> [EXERCISE PROMPT]
Using the records below, reproduce exactly the lines from the one containing "وكتب إليه عبد" through the end, and nothing more; skip the images.

> [EXERCISE MATERIAL]
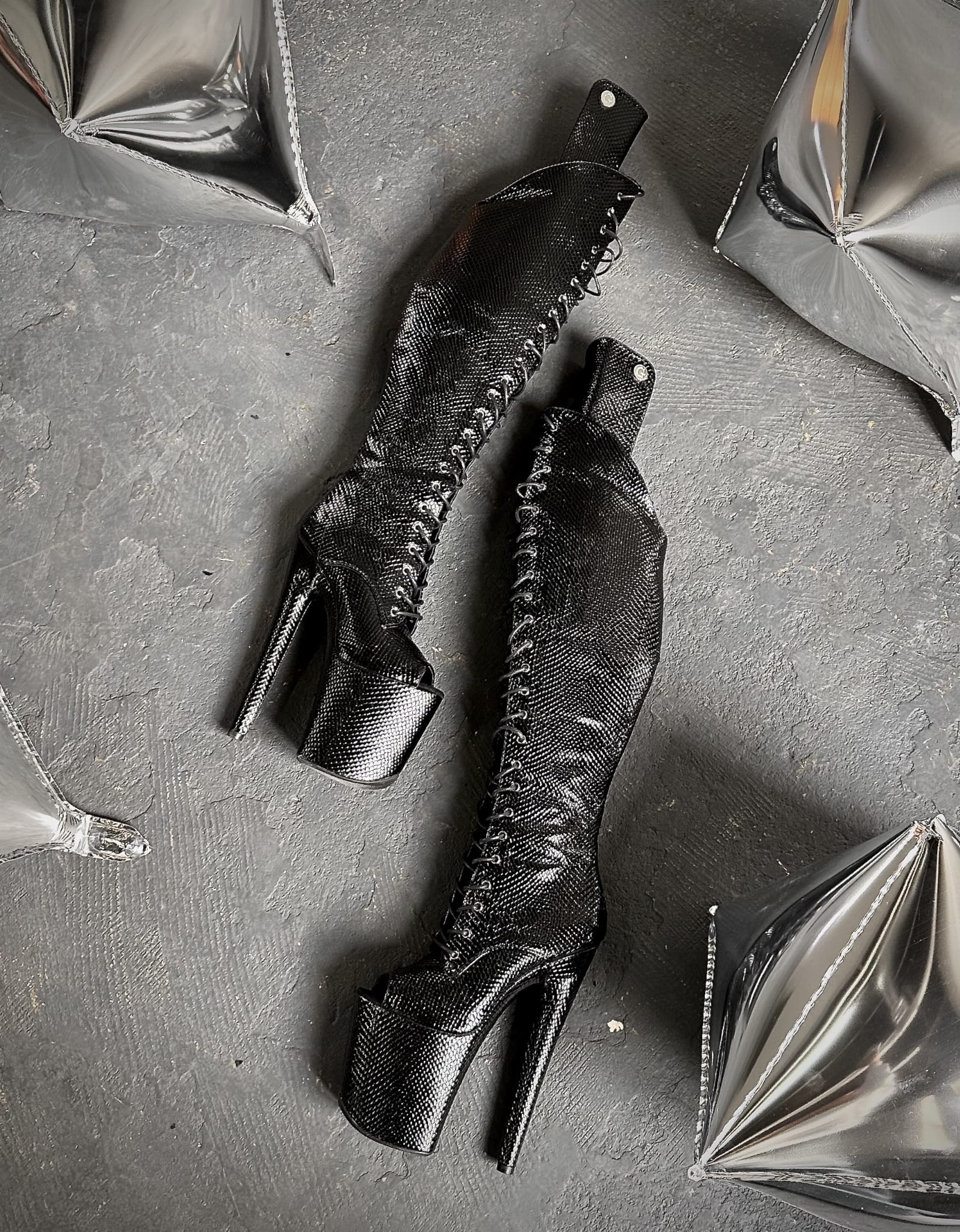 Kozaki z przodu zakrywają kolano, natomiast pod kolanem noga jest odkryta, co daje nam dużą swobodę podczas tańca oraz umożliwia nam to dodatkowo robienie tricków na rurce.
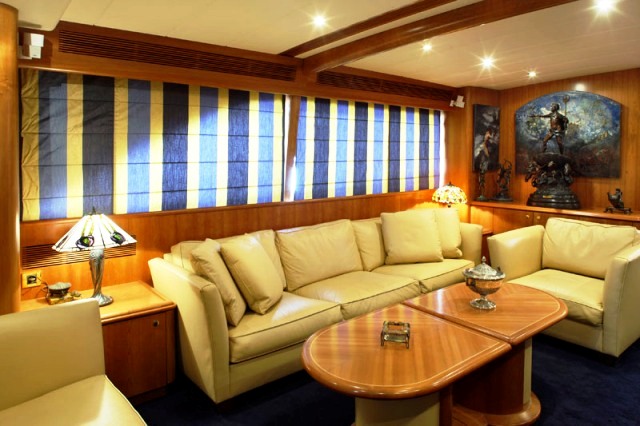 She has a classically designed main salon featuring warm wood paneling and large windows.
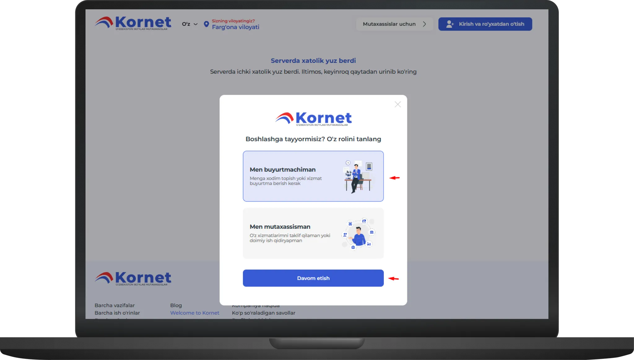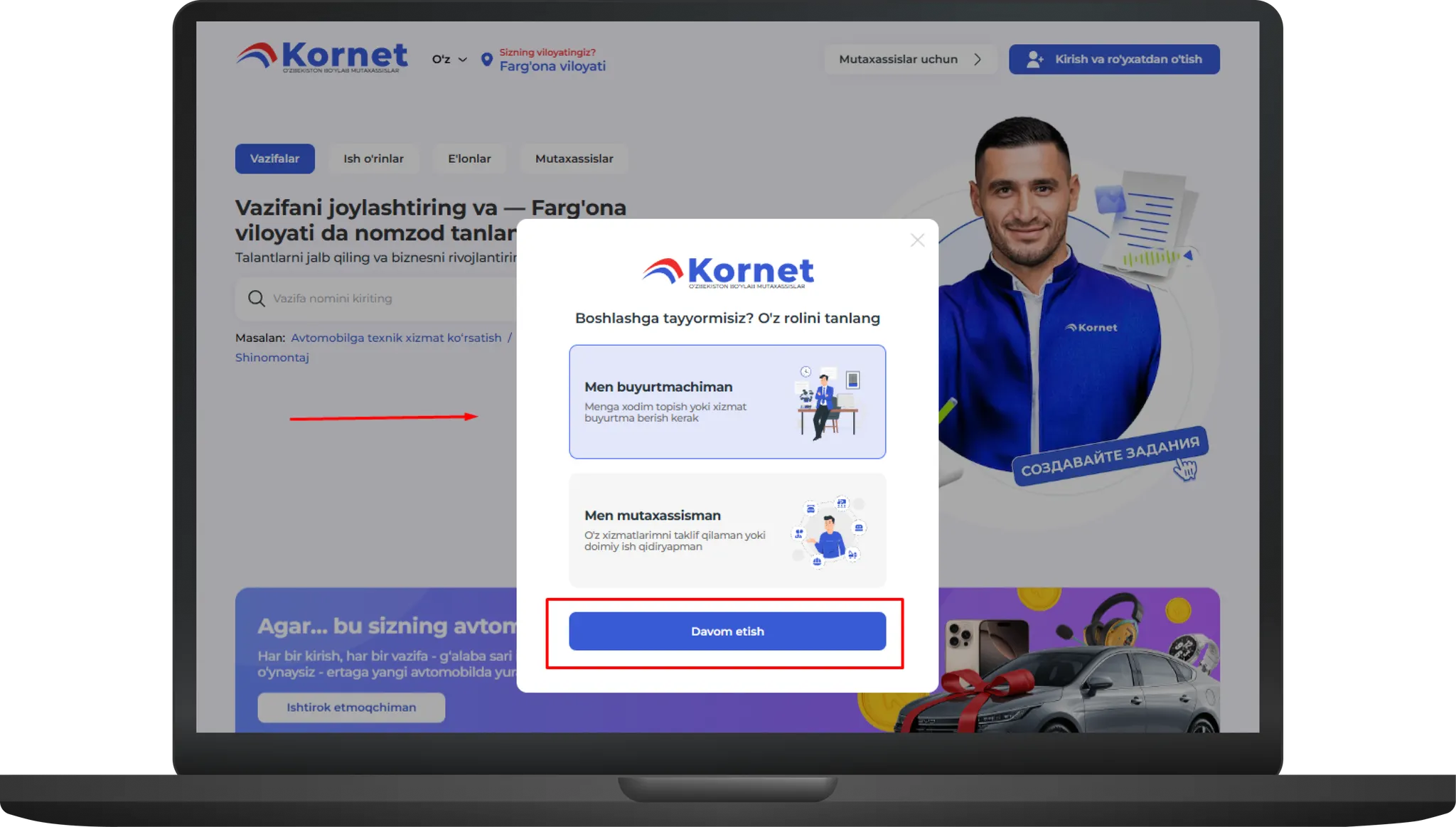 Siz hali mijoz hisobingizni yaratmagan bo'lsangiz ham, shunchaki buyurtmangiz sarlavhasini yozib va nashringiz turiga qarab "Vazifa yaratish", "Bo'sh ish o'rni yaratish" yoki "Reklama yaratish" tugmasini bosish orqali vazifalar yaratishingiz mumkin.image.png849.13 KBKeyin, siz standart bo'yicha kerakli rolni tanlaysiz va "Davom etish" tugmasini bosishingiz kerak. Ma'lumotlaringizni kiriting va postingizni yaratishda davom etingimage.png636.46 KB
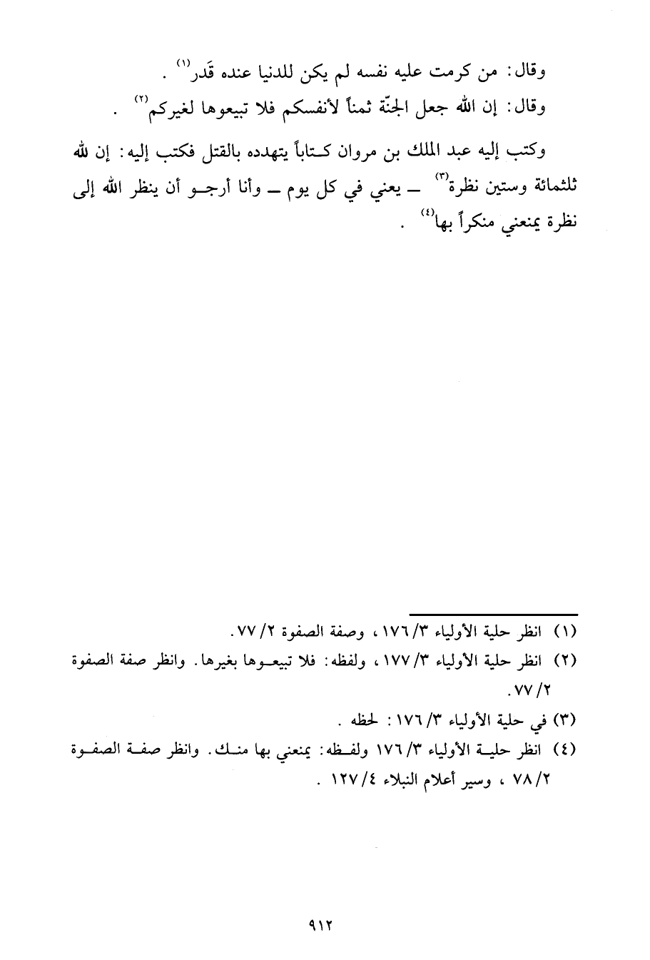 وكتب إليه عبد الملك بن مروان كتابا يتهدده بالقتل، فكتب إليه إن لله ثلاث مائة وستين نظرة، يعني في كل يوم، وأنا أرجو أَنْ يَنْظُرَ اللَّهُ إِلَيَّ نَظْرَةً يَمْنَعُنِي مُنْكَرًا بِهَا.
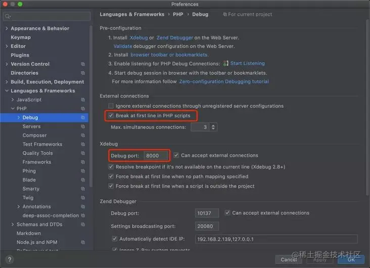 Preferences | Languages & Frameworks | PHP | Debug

> [REPLY]
 وكتب إليه عبد الملك بن مروان كتابا يتهدده بالقتل، فكتب إليه إن لله ثلاث مائة وستين نظرة، يعني في كل يوم، وأنا أرجو أَنْ يَنْظُرَ اللَّهُ إِلَيَّ نَظْرَةً يَمْنَعُنِي مُنْكَرًا بِهَا.
 Preferences | Languages & Frameworks | PHP | Debug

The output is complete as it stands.